*** Data in this exercise

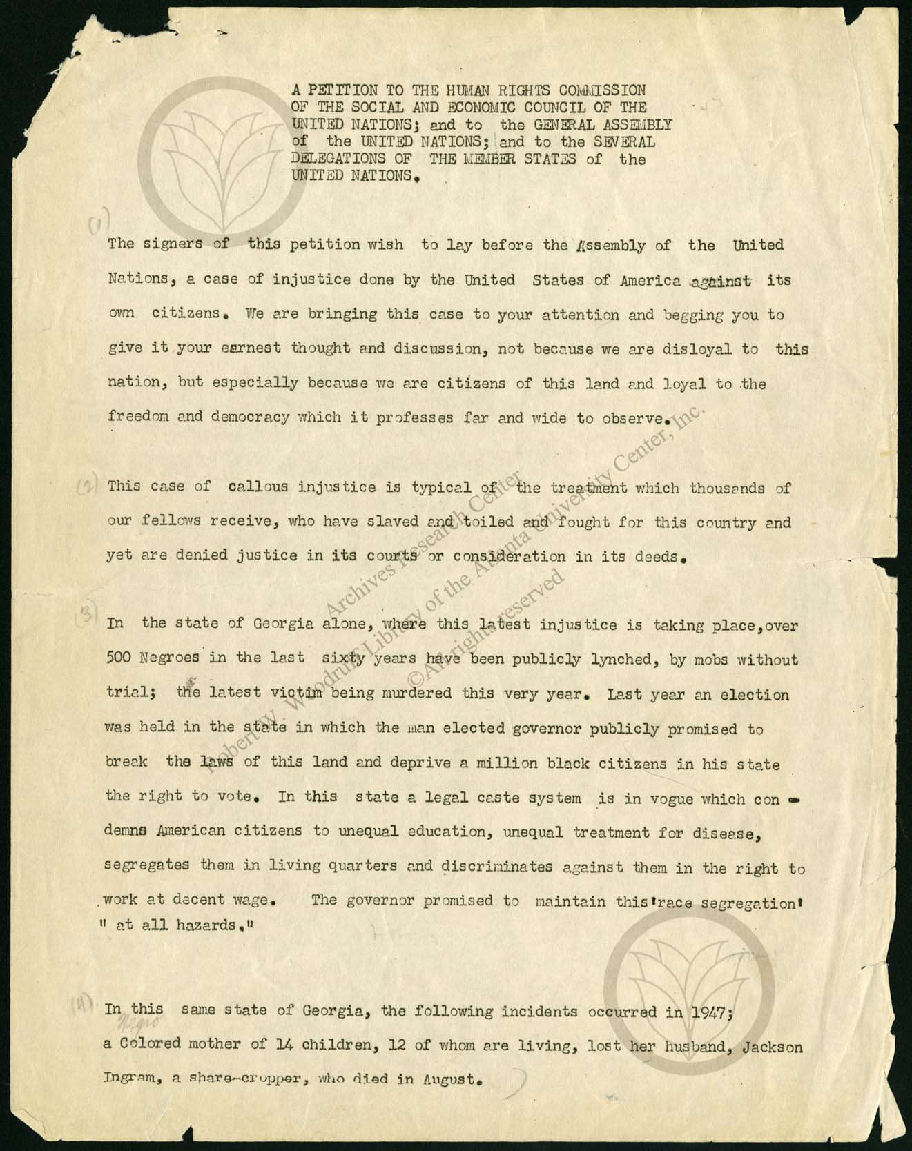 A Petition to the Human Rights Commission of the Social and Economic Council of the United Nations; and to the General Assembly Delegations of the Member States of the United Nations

******
*** Data in this exercise

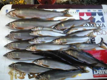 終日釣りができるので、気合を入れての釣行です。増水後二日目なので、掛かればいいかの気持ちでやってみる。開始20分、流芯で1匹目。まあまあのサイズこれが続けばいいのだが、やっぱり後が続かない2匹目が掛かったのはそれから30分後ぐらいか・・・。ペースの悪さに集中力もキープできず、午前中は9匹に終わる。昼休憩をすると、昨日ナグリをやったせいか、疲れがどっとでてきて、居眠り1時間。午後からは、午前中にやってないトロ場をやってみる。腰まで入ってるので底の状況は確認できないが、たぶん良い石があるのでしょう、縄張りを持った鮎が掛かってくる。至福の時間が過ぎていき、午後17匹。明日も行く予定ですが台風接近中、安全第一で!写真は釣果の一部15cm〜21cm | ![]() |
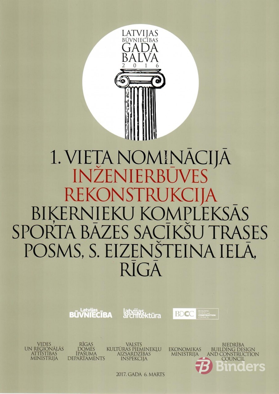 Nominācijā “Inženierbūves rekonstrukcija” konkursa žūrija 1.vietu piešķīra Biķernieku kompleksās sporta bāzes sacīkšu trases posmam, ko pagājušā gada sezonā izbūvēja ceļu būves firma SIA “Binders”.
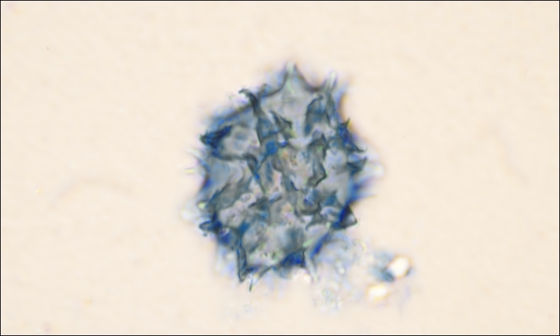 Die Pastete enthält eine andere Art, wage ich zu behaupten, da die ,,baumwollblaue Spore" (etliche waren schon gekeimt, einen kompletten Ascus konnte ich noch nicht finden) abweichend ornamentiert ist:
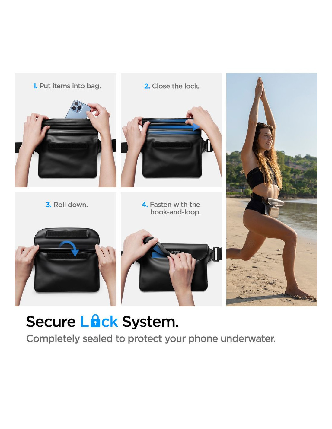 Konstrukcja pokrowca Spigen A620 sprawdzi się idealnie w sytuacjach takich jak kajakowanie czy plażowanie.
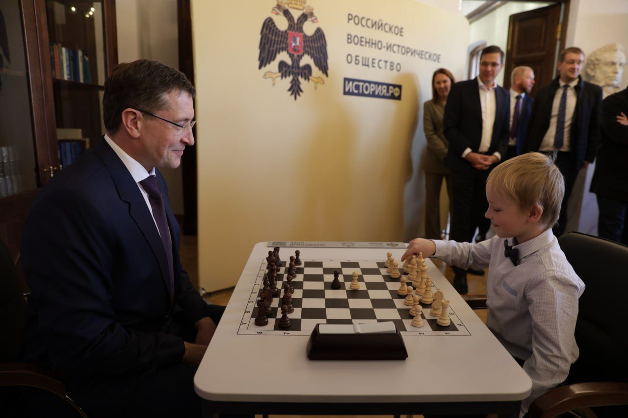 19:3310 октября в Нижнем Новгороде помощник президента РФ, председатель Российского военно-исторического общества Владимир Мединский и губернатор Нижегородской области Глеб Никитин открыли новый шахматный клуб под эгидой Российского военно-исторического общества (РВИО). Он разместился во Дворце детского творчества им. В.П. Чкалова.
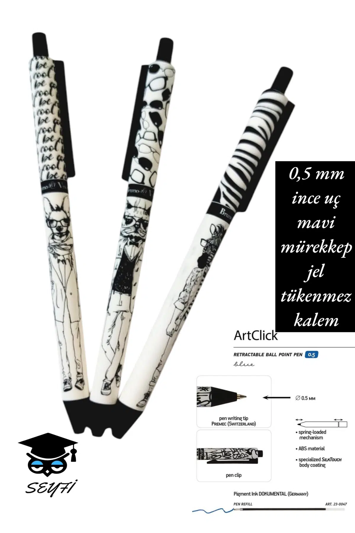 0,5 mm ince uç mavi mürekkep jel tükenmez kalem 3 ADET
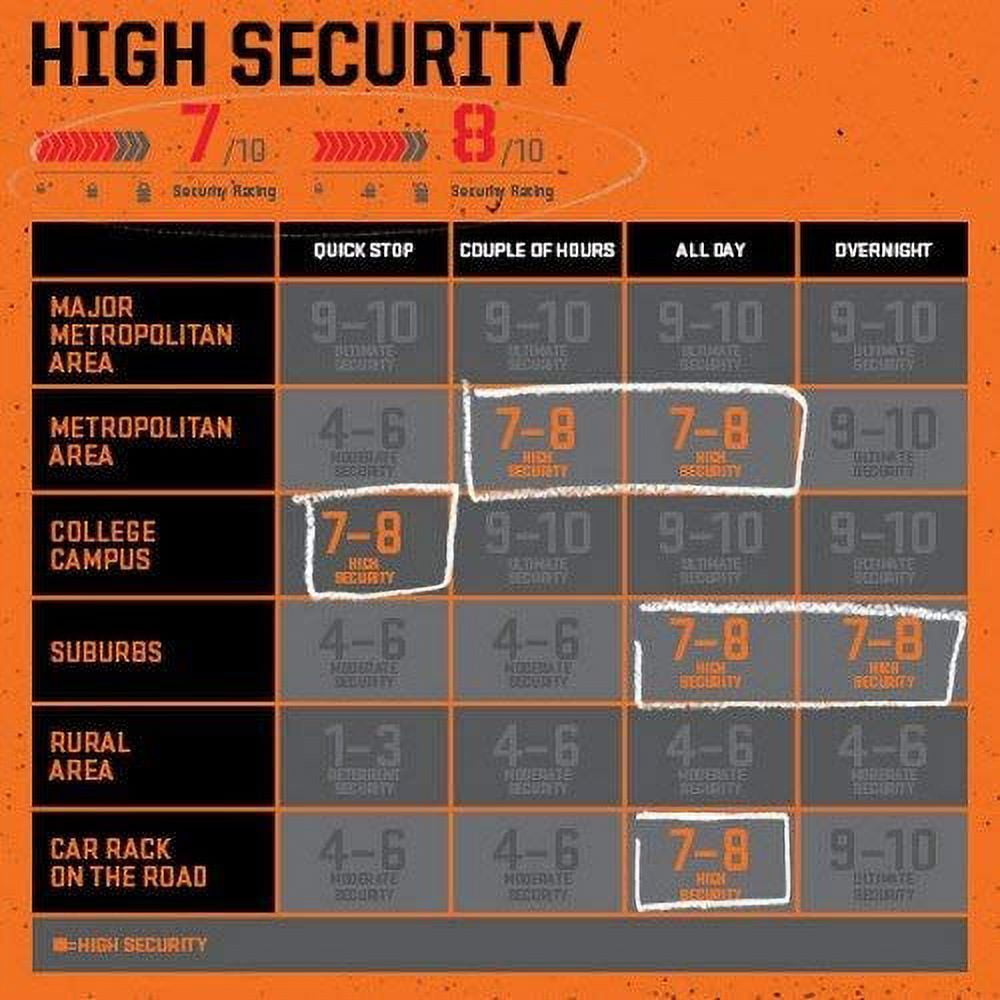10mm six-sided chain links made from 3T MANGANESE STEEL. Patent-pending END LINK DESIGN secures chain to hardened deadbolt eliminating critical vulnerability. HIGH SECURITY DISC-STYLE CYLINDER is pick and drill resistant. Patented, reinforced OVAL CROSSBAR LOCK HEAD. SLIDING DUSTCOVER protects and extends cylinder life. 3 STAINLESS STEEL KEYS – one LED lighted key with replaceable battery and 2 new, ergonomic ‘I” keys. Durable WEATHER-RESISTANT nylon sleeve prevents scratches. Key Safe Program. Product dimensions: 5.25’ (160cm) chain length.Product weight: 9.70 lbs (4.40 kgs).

******
*** Data in this exercise

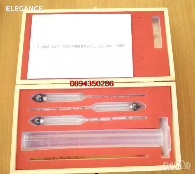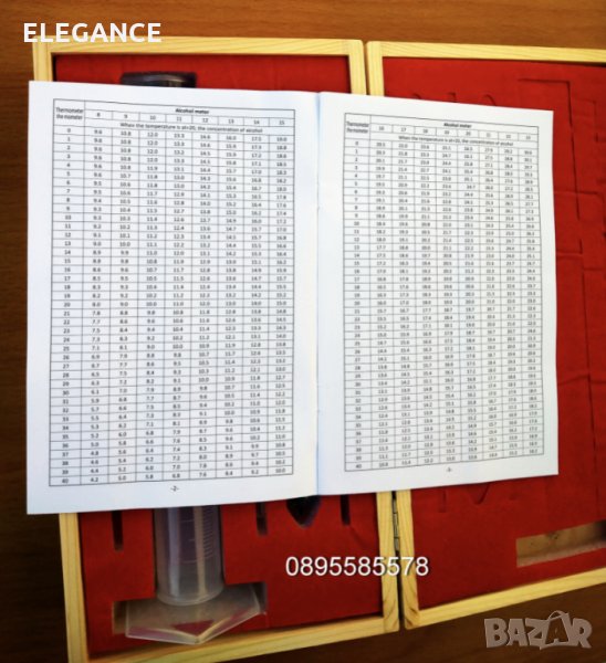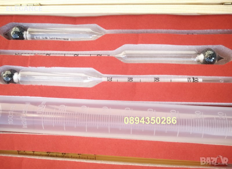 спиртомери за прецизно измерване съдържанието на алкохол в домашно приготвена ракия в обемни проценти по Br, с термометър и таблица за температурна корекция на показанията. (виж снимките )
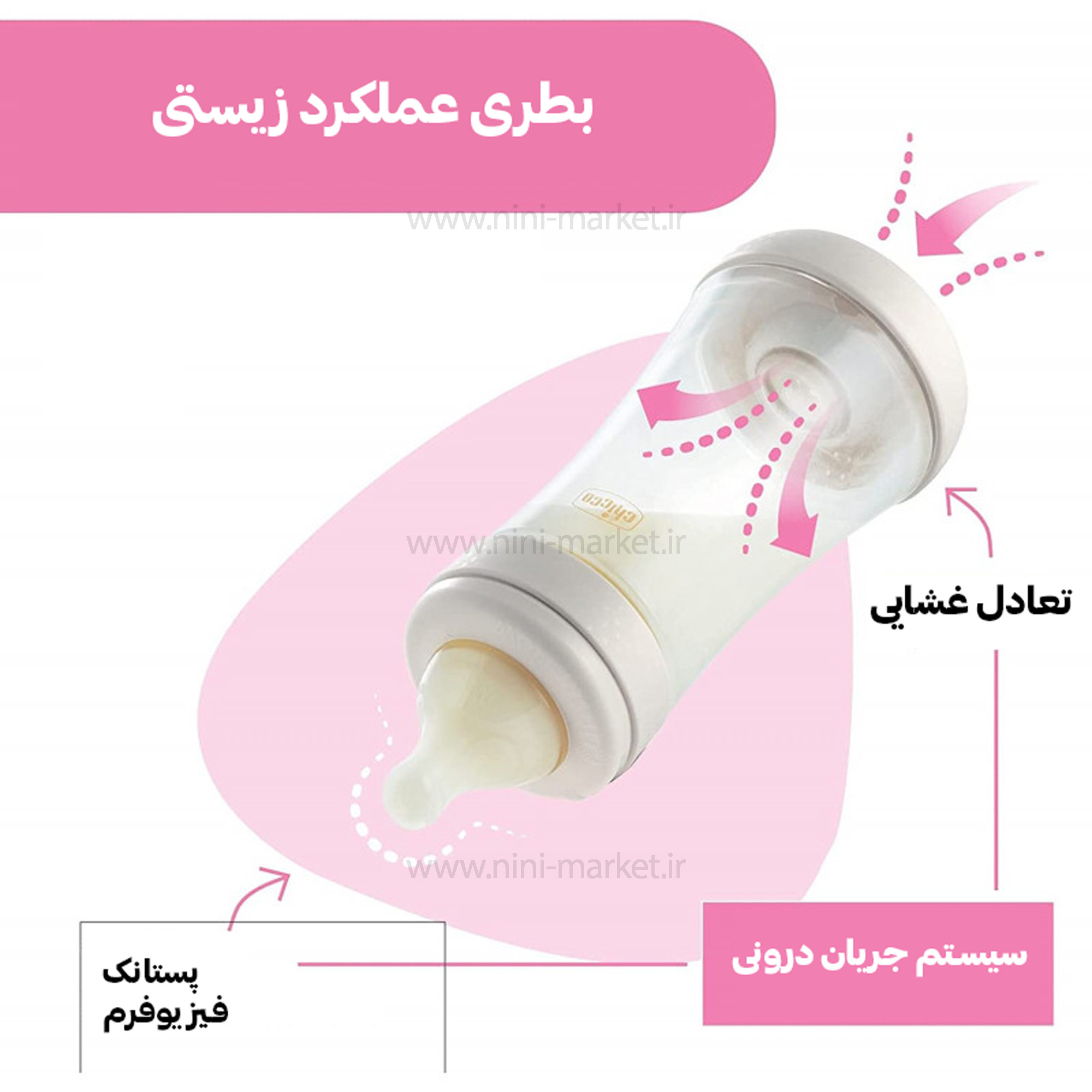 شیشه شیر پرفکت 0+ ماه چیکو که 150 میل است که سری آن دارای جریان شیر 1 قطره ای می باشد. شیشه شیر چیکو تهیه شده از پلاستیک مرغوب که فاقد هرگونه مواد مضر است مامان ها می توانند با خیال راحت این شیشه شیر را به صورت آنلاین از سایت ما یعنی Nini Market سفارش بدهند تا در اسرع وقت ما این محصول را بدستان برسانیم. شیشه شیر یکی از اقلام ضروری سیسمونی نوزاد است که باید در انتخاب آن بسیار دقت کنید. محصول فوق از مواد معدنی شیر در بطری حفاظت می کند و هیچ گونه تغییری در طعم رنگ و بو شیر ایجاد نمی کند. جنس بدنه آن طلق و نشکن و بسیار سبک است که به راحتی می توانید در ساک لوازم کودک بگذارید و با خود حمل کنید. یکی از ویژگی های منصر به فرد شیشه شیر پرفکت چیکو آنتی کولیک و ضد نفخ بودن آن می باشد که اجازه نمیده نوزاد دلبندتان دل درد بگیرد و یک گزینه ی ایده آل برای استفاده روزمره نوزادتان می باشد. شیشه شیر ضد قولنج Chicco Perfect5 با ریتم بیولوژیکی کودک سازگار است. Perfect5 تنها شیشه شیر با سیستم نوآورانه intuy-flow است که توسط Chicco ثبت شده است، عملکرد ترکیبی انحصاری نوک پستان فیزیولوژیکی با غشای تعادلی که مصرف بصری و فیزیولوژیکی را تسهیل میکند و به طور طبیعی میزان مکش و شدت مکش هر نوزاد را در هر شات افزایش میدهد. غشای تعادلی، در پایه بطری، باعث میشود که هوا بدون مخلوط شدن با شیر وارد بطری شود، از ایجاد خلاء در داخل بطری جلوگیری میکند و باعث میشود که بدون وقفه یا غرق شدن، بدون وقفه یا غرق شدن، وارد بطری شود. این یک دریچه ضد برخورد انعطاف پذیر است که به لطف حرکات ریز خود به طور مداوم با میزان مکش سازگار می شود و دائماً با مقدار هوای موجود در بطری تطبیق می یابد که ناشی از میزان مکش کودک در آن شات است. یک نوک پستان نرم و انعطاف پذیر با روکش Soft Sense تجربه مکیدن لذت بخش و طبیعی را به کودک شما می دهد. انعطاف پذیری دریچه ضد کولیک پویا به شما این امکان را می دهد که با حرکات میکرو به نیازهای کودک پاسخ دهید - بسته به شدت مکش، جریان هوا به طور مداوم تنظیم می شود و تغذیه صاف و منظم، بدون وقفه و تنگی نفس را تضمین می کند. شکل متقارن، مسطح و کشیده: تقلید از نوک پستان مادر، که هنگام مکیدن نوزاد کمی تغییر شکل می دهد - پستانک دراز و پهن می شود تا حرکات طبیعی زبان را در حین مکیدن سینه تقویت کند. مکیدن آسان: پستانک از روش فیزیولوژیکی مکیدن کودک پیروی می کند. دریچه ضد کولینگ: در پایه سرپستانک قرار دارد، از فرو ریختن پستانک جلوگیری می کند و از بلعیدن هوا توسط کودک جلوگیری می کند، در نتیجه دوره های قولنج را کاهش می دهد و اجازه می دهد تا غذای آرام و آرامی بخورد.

******

**Task to carry out**
Would you transcribe the lines above exactly, going from the line bearing "Die Pastete enthält" through the line bearing "10mm six-sided chain", and drop the pictures from the copy?

**Solution below**
 Die Pastete enthält eine andere Art, wage ich zu behaupten, da die ,,baumwollblaue Spore" (etliche waren schon gekeimt, einen kompletten Ascus konnte ich noch nicht finden) abweichend ornamentiert ist:
 Konstrukcja pokrowca Spigen A620 sprawdzi się idealnie w sytuacjach takich jak kajakowanie czy plażowanie.
 19:3310 октября в Нижнем Новгороде помощник президента РФ, председатель Российского военно-исторического общества Владимир Мединский и губернатор Нижегородской области Глеб Никитин открыли новый шахматный клуб под эгидой Российского военно-исторического общества (РВИО). Он разместился во Дворце детского творчества им. В.П. Чкалова.
 0,5 mm ince uç mavi mürekkep jel tükenmez kalem 3 ADET
10mm six-sided chain links made from 3T MANGANESE STEEL. Patent-pending END LINK DESIGN secures chain to hardened deadbolt eliminating critical vulnerability. HIGH SECURITY DISC-STYLE CYLINDER is pick and drill resistant. Patented, reinforced OVAL CROSSBAR LOCK HEAD. SLIDING DUSTCOVER protects and extends cylinder life. 3 STAINLESS STEEL KEYS – one LED lighted key with replaceable battery and 2 new, ergonomic ‘I” keys. Durable WEATHER-RESISTANT nylon sleeve prevents scratches. Key Safe Program. Product dimensions: 5.25’ (160cm) chain length.Product weight: 9.70 lbs (4.40 kgs).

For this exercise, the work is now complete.